Coanalysis with DVT and PE
To enhance our power to detect CTEPH associations, we coanalyzed our P values from the CTEPH meta-analysis with P values derived from GWAS on self-reported PE and DVT drawn from the UK Biobank (13) (GWAS round 2; self-reported DVT [code 20002_1094] and self-reported PE [code 20002_1093]). Details of the coanalysis are provided in the Methods section of the online supplement. In short, the output of each coanalysis is a set of P values for CTEPH “adjusted” for the overall genetic similarity between CTEPH and the second disease (14), which we call “V-values.” We also performed an analysis using results from DVT in place of results from PE, but we found the results from the two analyses were very similar, so we focus principally on the analysis of PE.
CTEPH GWAS Associations
Noting that our replication cohort was analyzed at genome-wide SNPs, we defined genetic associations at three tiers of significance, all of which generally correspond to a genome-wide significance of overall P value <5 × 10−8 with varying levels of evidence in the discovery and replication subcohorts. The first tier required P < 5 × 10−6 in the combined discovery cohort, P < 5 × 10−3 in the replication cohort, and P < 5 × 10−8 in the combined meta-analysis, with consistent directions of effect across the two subanalyses in the discovery study and in the replication study. The second tier, designed to ensure nominal association in each cohort and overall genome-wide significance, required a nominal association of P < 5 × 10−2 in discovery and replication cohorts and P < 5 × 10−8 in the overall meta-analysis, again with consistent directions of effect. The “adjusted” P values allowed a comparison of evidence for association using conditional false discovery rate in a similar way to a comparison using meta-analyzed P values, and hence we defined a third tier of association requiring a P value of 5 × 10−8 in either the overall meta-analysis or the “adjusted” sets of P values derived from leverage of the CTEPH summary statistics on summary statistics for PE, together with consistent directions of effect in discovery and replication cohorts. All P value thresholds used in “tier” definitions were chosen before observing the data.

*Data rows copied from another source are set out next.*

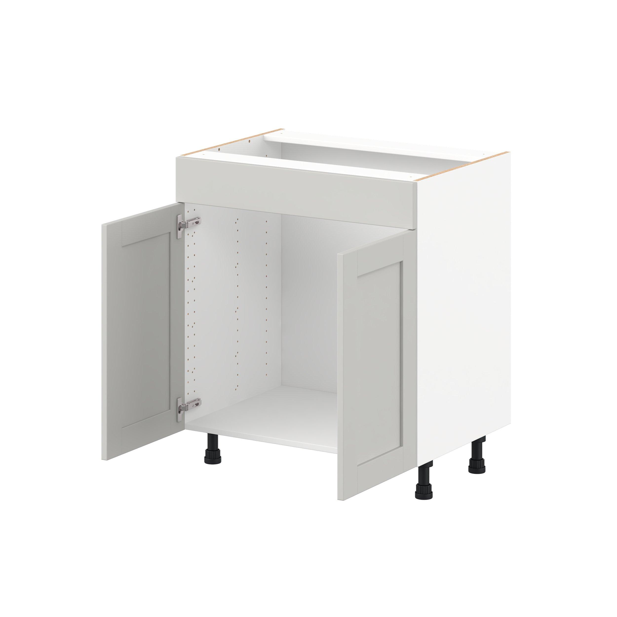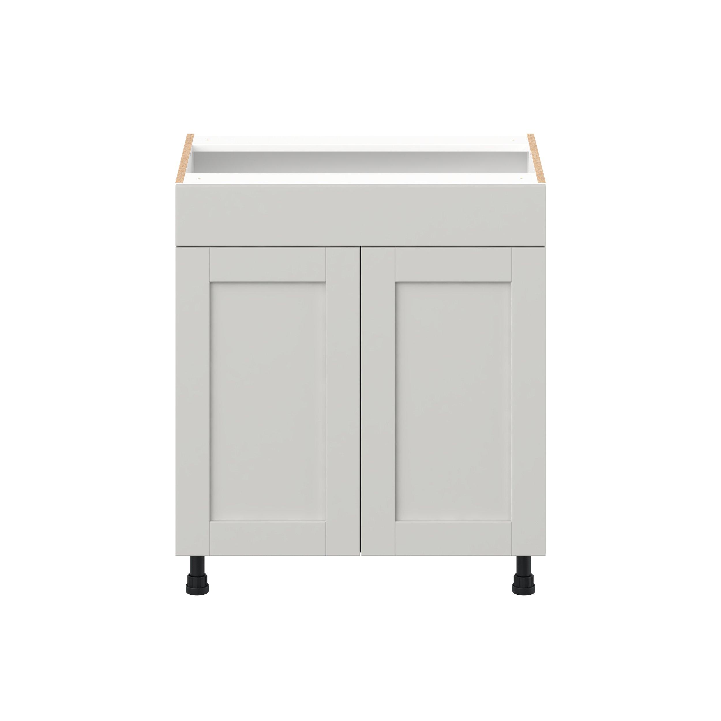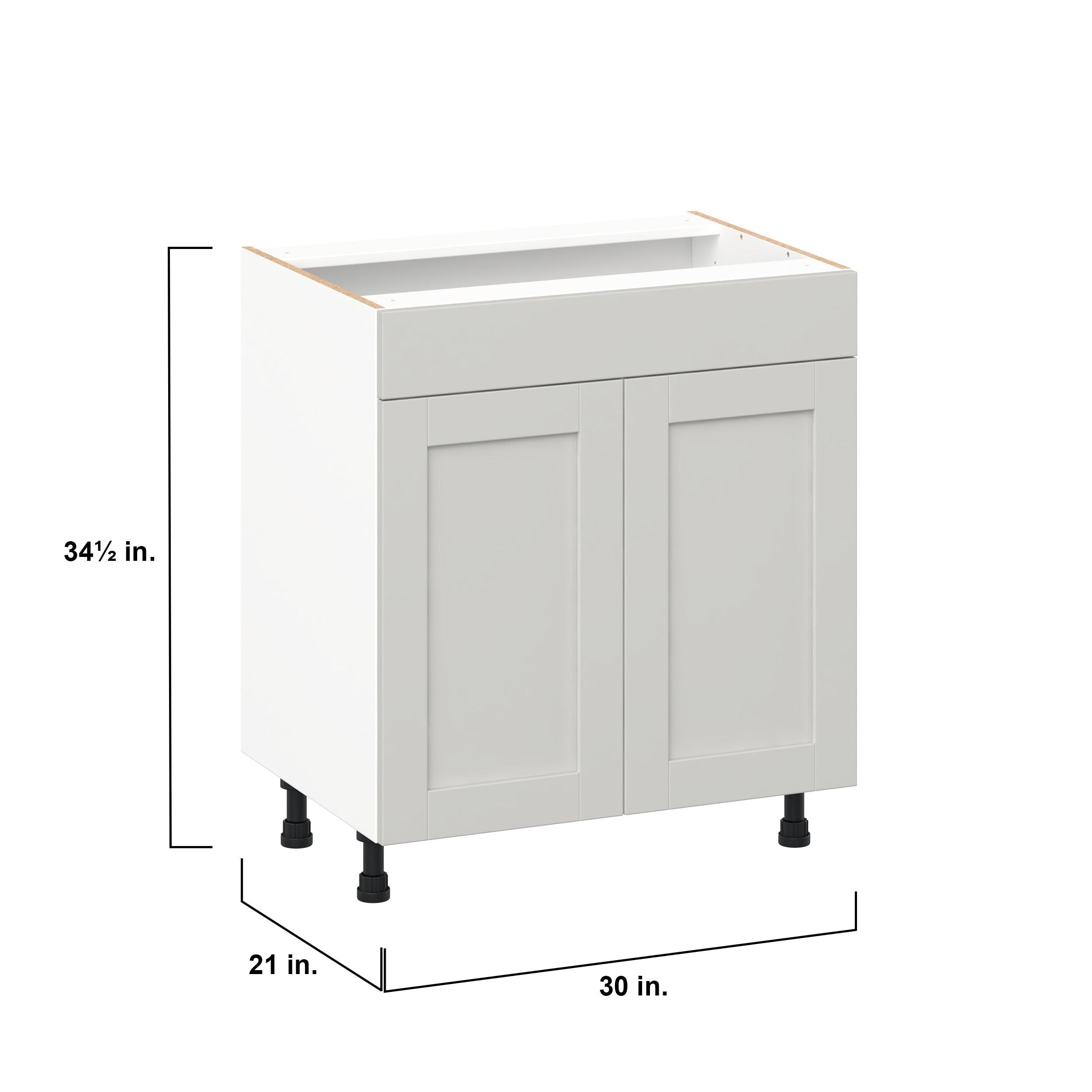 Enhance your home with the timeless beauty of Summerhill classic shaker cabinets, available in fresh bright white and neutral light gray colors. Crafted from one-piece MDF Studio Design Collection Summerhill 30 in. Light Gray Vanity Sink Base Cabinet with False Front is designed to resist hairline cracks while the easy-to-clean finish stands up to stains and moisture. Featuring 5-piece doors and dovetail drawer joints, these cabinets offer durability and elegance. This collection combines style with everyday storage solutions.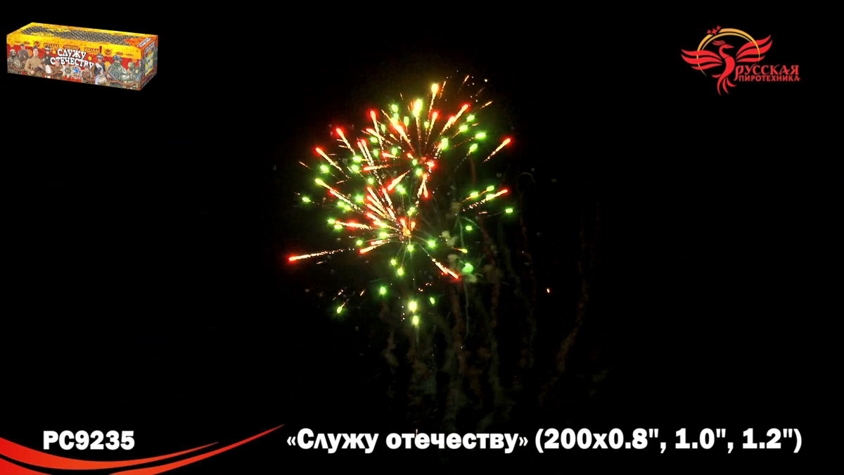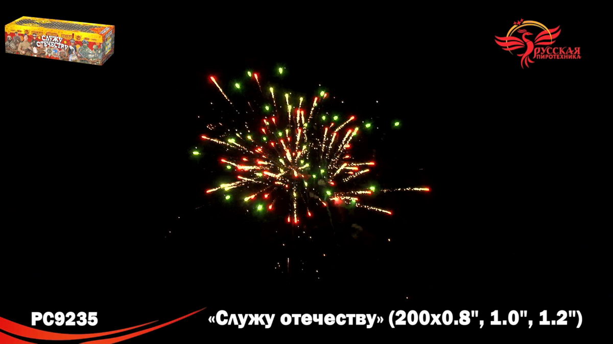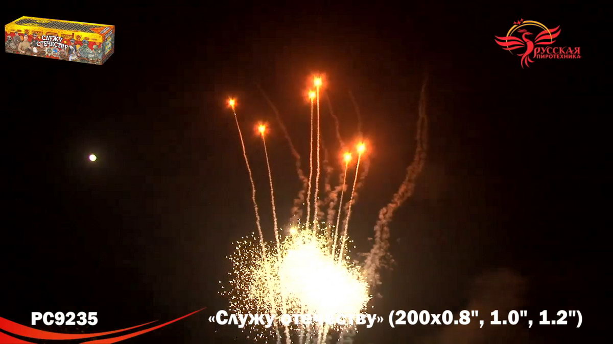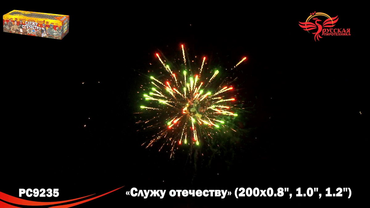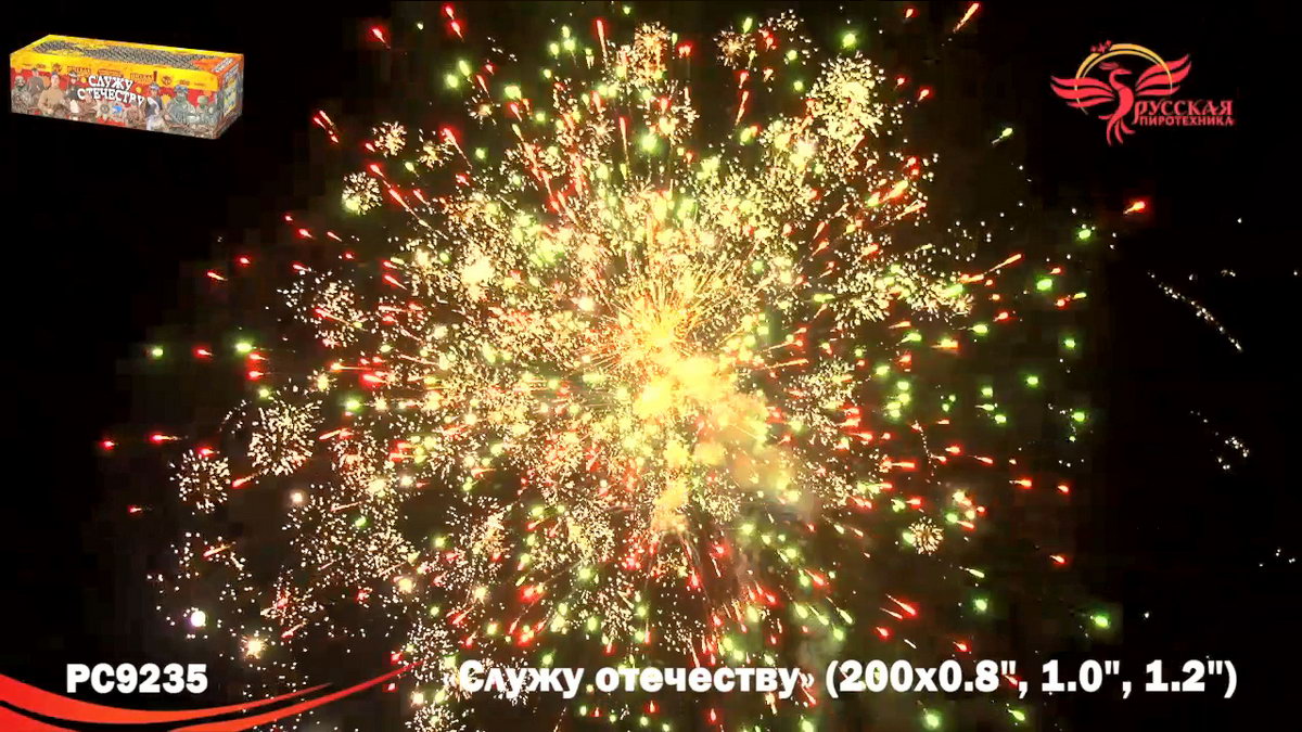 Фейерверки на военную тематику просто по определению должны быть самыми мощными, самыми яркими, красочными и разнообразными. Ведь в них воплощена национальная гордость страны, воспоминания о ее победах. Не стал исключеним салют "Служу Отечеству". Это феерическая по красоте, длительности и разнообразию эффектов супер-батарея на 220 выстрелов, среди которые есть невероятные веерные залпы. Такой салют не стыдно запустить на 9 мая или 23 февраля, он вполне может поспорить с большими "официальными" фейерверками!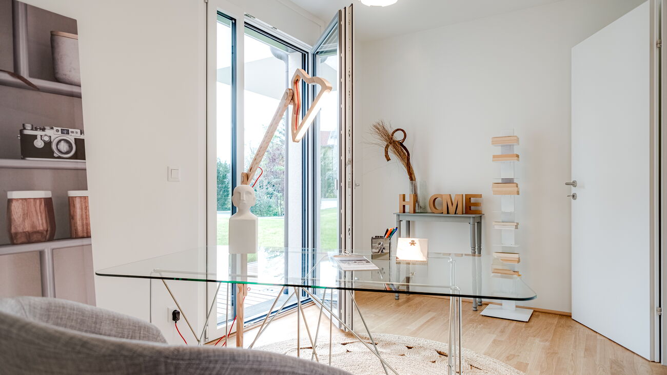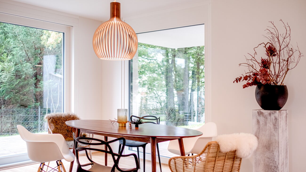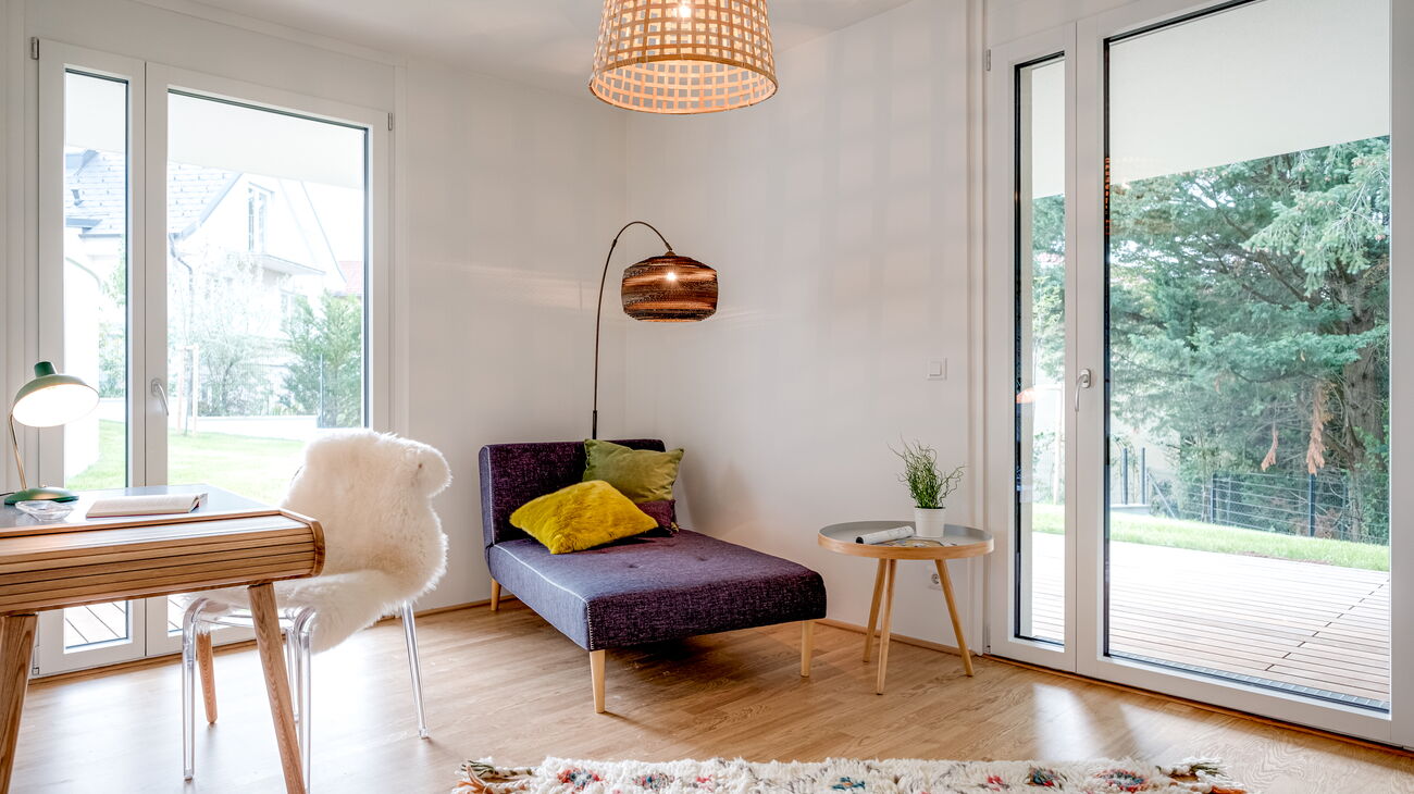 Bei dieser Wohnung war die Beleuchtung besonders wichtig, um Stimmung in die großen Räume zu bringen. Zusätzlich montierten wir einen großen Spiegel, um die Natur noch verstärkt ins Wohnzimmer zu holen. Den kleinen Räumen wurde jeweils eine Funktion zugewiesen – einmal ein Home Office (bei Bedarf auch Gästezimmer), einmal ein Jugendzimmer (oder natürlich auch Gästezimmer).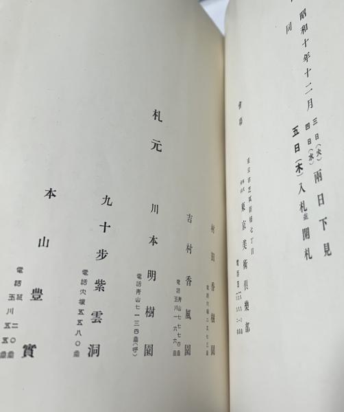 • 解説 売立目録 入札日:昭和10年12月5日 会場:東京美術倶楽部 少経年ヤケシミ 和装 表紙傷み、中央縦に折れ目、小さな穴 紐外れ 小口側地角シミ汚れ 背にタイトルを墨書き 扉に骨董屋の印 札元に村田果樹園等 338図版 19.5x26.5cm
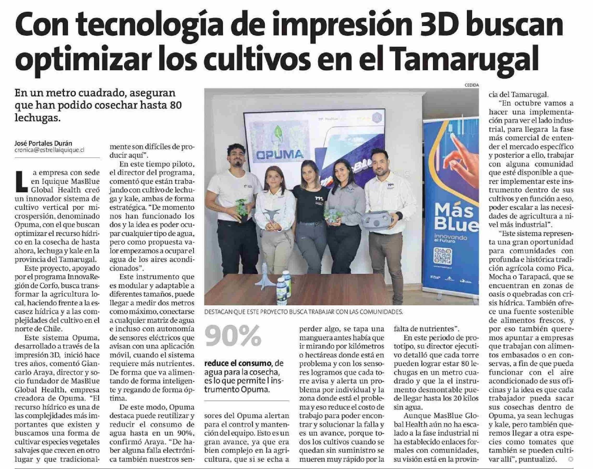 Con tecnología de impresión 3D buscan optimizar los cultivos en el Tamarugal 23-05-2025 La Estrella de Iquique |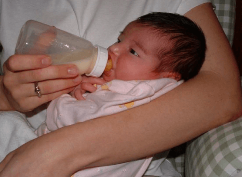 Hold your baby almost upright and the bottle almost horizontal so gravity does not overwhelm your baby with a fast flow of milk. Observe your baby for signs of too fast or too slow flow. Instruct anyone else who feeds your baby in these feeding techniques.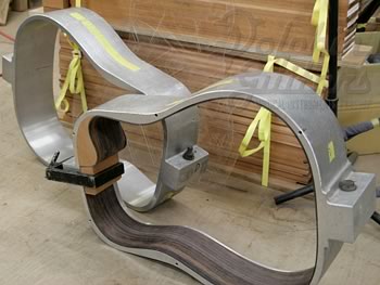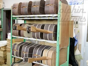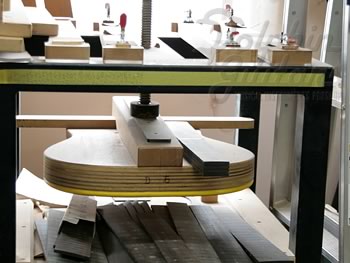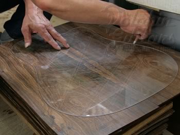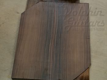 当店カスタム・オーダーギターの内のひとつのモデルはドレッドノート・カッタウェイ仕様です。既に型は製作して頂いていた様で、秋に向けてまずはプロト・タイプの製作に取りかかります。特殊な木目を持つ材は、木取りで雰囲気が変わります。型を当てて「この部分をこんな感じ・・・どう?」ってな具合です。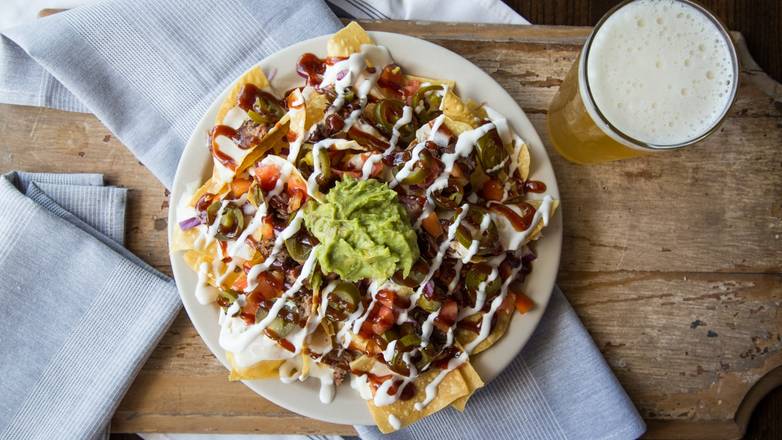 House-made queso, jalapeños, sour cream, guacamole, tomato, red onion, KC burnt ends and BBQ sauce.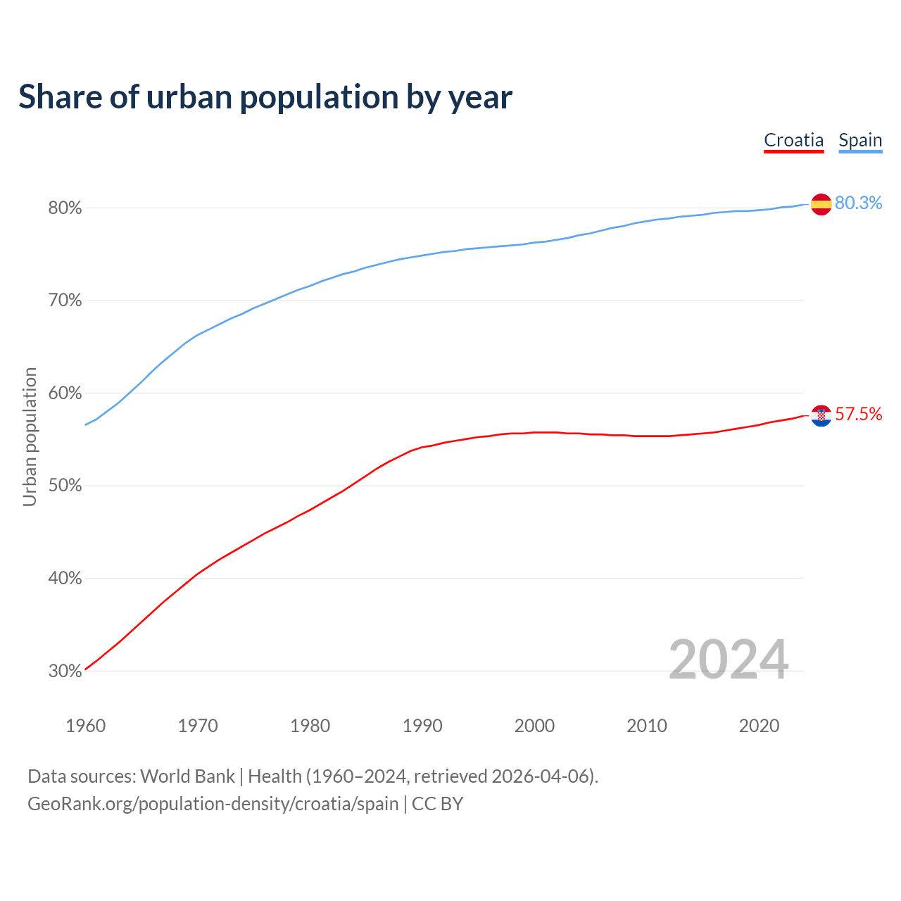 From 2004 to 2024, the share of urban population changed from 55.6% to 57.5% in Croatia and from 77% to 80.3% in Spain.

There was a distribution of cases and control subjects across genotyping batches that could enable confounding batch effects, and differing sources of cases and control subjects in the replication cohort necessitated across-platform comparisons and imperfect geographical matching, resulting in high inflation in association statistics. We also noted recent work indicating that blood bank–sourced control samples may have distributions of ABO blood groups differing from the general population, potentially biasing association statistics at that locus. In the online supplement, we analyze allele frequencies across batches and cohorts directly and thus demonstrate that these confounding effects are unlikely to drive our positive associations. The study design is outlined in Figure 1.
Figure 1.
Flowchart of the study design. Principal component analysis (PCA): excluded due to inferred ancestry based on PCA. Rel/dup: excluded due to being closely related to another sample, or a duplicate of another sample. Heterozygosity: excluded due to abnormal heterozygosity rate. Missingness: excluded due to high missingness in genotype or otherwise unusable genotype. Full details are provided in the Methods section of the online supplement. In short, we recruited cases and control subjects from a variety of centers around the United Kingdom and Europe, including existing control subjects. Our discovery cohort consisted of U.K. and U.S. samples; our replication cohort consisted of European samples. Exclusions were applied sequentially: For instance, some samples that would have been excluded for abnormal heterozygosity rate in the replication cohort were already excluded by PCA. EGPA = eosinophilic granulomatosis with polyangiitis; GWAS = genome-wide association study; HWE = Hardy-Weinberg equilibrium; IPAH = idiopathic pulmonary arterial hypertension; MAF = minor allele frequency; VTE = venous thromboembolism.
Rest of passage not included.